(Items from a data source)
[Start of section]

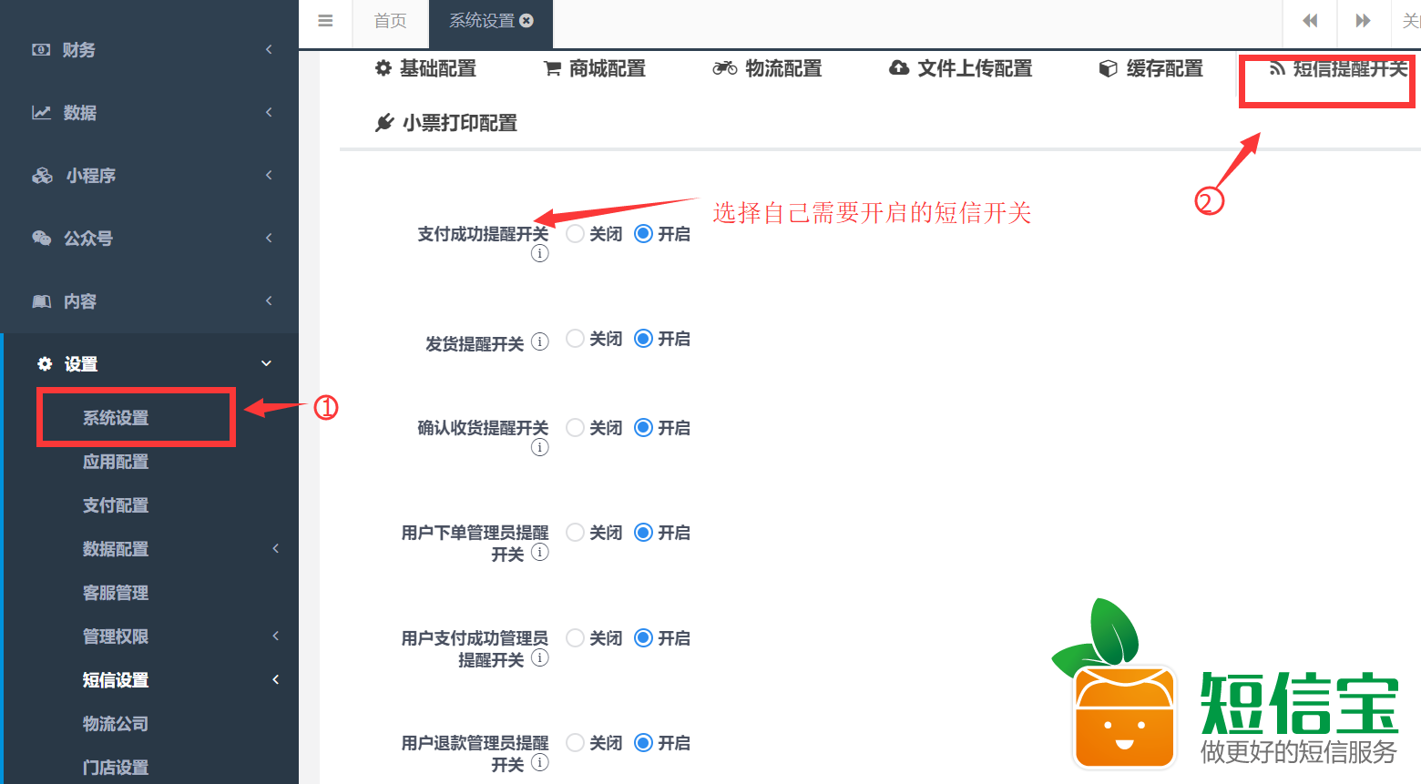5: 進入系統(tǒng)后臺->系統(tǒng)設(shè)置->短信提醒開關(guān),打開需要短信發(fā)送開關(guān)
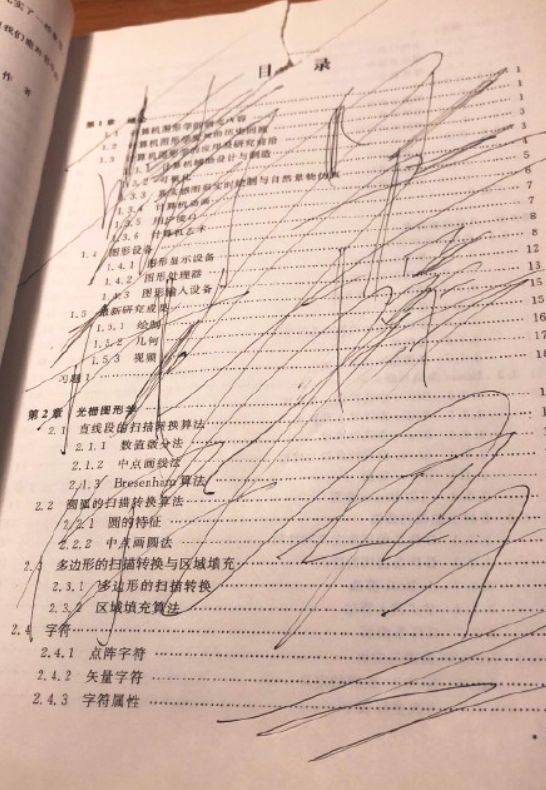 他买了一本《计算机图形学》,是清华大学计算机系的教材。我们当时买这本是二手书,翻开之后,发现目录页写满了前任读者疯狂的草书。
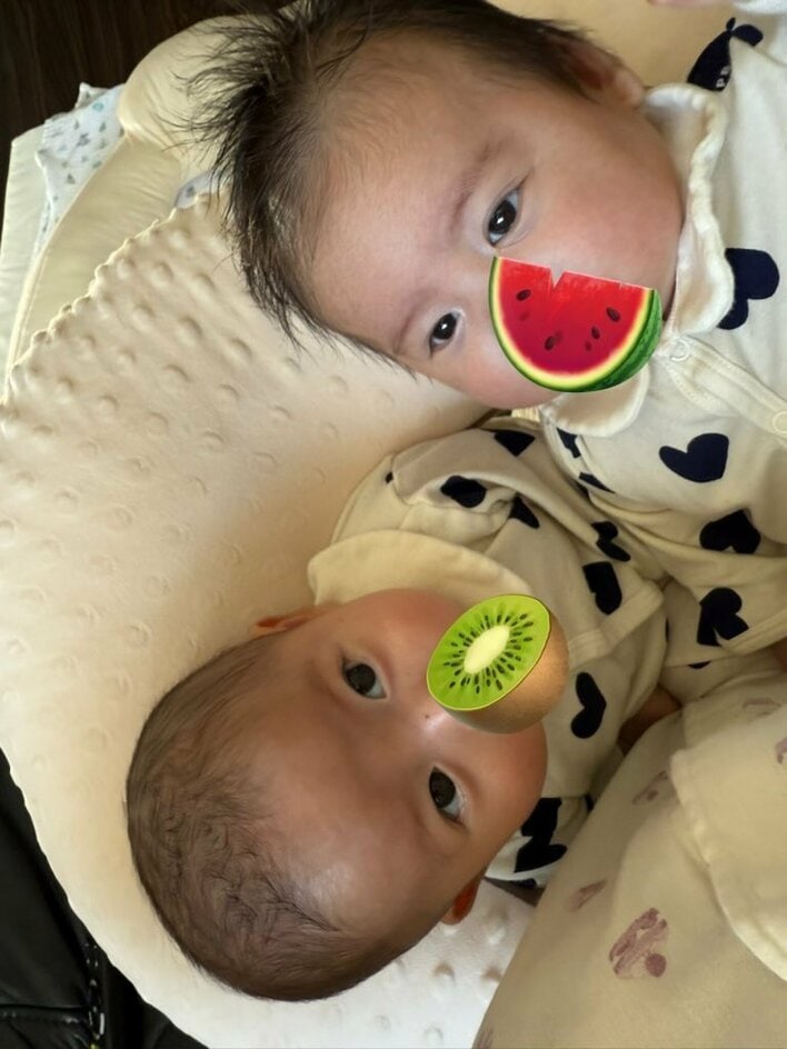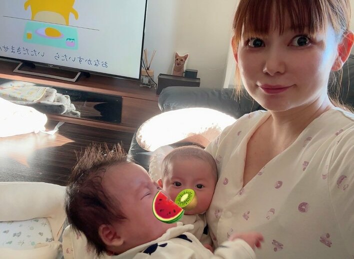 中川翔子 "毛量増”の生後2ヵ月双子「可愛すぎる」上目遣いショットを披露!目を細めて笑った愛くるしい表情の数々に「ぷにぷにしたい♡」「喜怒哀楽の目の表情が可愛いすぎ」
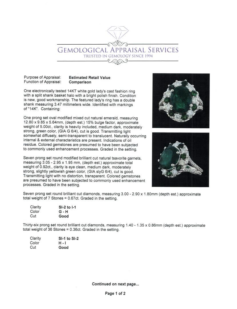 One electronically tested 14KT white gold lady's cast fashion ring with a split shank basket halo with a bright polish finish. The featured lady's ring has a double shank measuring 3.47 millimeters wide. Identified with markings of '14K'. Condition is new, good workmanship. Containing: One prong set oval modified mixed cut natural emerald, measuring 12.80 x 9.85 x 5.64mm, (depth est.) 15%. bulge factor, approximate weight of 5.00ct., clarity is heavily included, medium dark, moderately strong, green color, (GIA G 6/4), cut is good. Transmitting light somewhat diffusely, semi-transparent to translucent. Naturally occurring internal & external characteristics are present. Indications of oil residue. Colored gemstones are presumed to have been subjected to commonly used enhancement processes. Graded in the setting. Seven prong set round modified brilliant cut natural tsavorite garnets, measuring 3.05 - 2.95 x 1.95 mm, (depth est.) approximate total weight of 0.92ct., clarity is eye clean, medium dark, moderately strong, slightly yellowish green color, (GIA slyG 6/4), cut is good. Transmitting light with no distortion, transparent. Colored gemstones are presumed to have been subjected to commonly used enhancement processes. Graded in the setting. Seven prong set round brilliant cut diamonds, measuring 3.00 - 2.90 x 1.80mm (depth est.) approximate total weight of 7 Stones = 0.67ct. Graded in the setting. Clarity SI-2 to I-1. Color: G - H Cut Good Thirty-Six prong set round brilliant cut diamonds, measuring 1.40 - 1.35 x 0.86mm (depth est.) approximate total weight of 36 Stones = 0.36ct. Graded in the setting. Clarity SI-1 to SI-2. Color: H - I Cut Good. Total Weight of Colored Stones 5.92ct.. Total Weight of Diamonds 1.03ct.. Total Weight of Ring 9.60gm. GAS Appraised at $8,635.00.
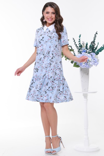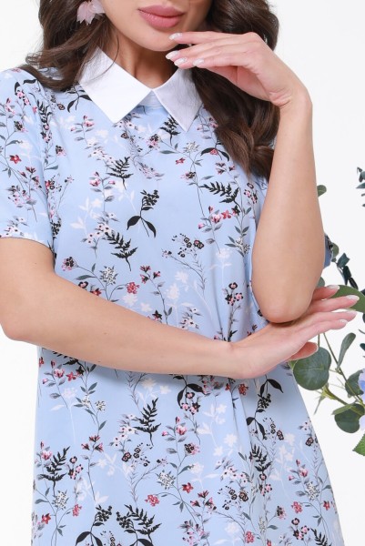 Элегантное платье прямого силуэта с коротким втачным рукавом и воланом по низу. Классический сорочечный воротничок придает ему деловой настрой. Прекрасный выбор для бизнес-леди, офисных сотрудников и педагогов.
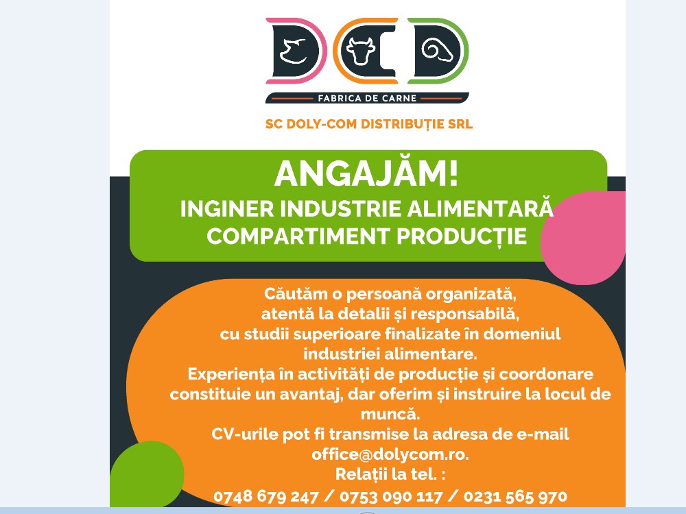 Căutăm o persoană organizată, atentă la detalii și responsabilă, cu studii superioare finalizate în domeniul industriei alimentare. Experiența în activități de producție constituie un avantaj, dar oferim și instruire la locul de munca.

[End of section]

What to produce
Output every entry above verbatim, but leave out the pictures.

Final answer
5: 進入系統(tǒng)后臺->系統(tǒng)設(shè)置->短信提醒開關(guān),打開需要短信發(fā)送開關(guān)
 他买了一本《计算机图形学》,是清华大学计算机系的教材。我们当时买这本是二手书,翻开之后,发现目录页写满了前任读者疯狂的草书。
 中川翔子 "毛量増”の生後2ヵ月双子「可愛すぎる」上目遣いショットを披露!目を細めて笑った愛くるしい表情の数々に「ぷにぷにしたい♡」「喜怒哀楽の目の表情が可愛いすぎ」
 One electronically tested 14KT white gold lady's cast fashion ring with a split shank basket halo with a bright polish finish. The featured lady's ring has a double shank measuring 3.47 millimeters wide. Identified with markings of '14K'. Condition is new, good workmanship. Containing: One prong set oval modified mixed cut natural emerald, measuring 12.80 x 9.85 x 5.64mm, (depth est.) 15%. bulge factor, approximate weight of 5.00ct., clarity is heavily included, medium dark, moderately strong, green color, (GIA G 6/4), cut is good. Transmitting light somewhat diffusely, semi-transparent to translucent. Naturally occurring internal & external characteristics are present. Indications of oil residue. Colored gemstones are presumed to have been subjected to commonly used enhancement processes. Graded in the setting. Seven prong set round modified brilliant cut natural tsavorite garnets, measuring 3.05 - 2.95 x 1.95 mm, (depth est.) approximate total weight of 0.92ct., clarity is eye clean, medium dark, moderately strong, slightly yellowish green color, (GIA slyG 6/4), cut is good. Transmitting light with no distortion, transparent. Colored gemstones are presumed to have been subjected to commonly used enhancement processes. Graded in the setting. Seven prong set round brilliant cut diamonds, measuring 3.00 - 2.90 x 1.80mm (depth est.) approximate total weight of 7 Stones = 0.67ct. Graded in the setting. Clarity SI-2 to I-1. Color: G - H Cut Good Thirty-Six prong set round brilliant cut diamonds, measuring 1.40 - 1.35 x 0.86mm (depth est.) approximate total weight of 36 Stones = 0.36ct. Graded in the setting. Clarity SI-1 to SI-2. Color: H - I Cut Good. Total Weight of Colored Stones 5.92ct.. Total Weight of Diamonds 1.03ct.. Total Weight of Ring 9.60gm. GAS Appraised at $8,635.00.
 Элегантное платье прямого силуэта с коротким втачным рукавом и воланом по низу. Классический сорочечный воротничок придает ему деловой настрой. Прекрасный выбор для бизнес-леди, офисных сотрудников и педагогов.
 Căutăm o persoană organizată, atentă la detalii și responsabilă, cu studii superioare finalizate în domeniul industriei alimentare. Experiența în activități de producție constituie un avantaj, dar oferim și instruire la locul de munca.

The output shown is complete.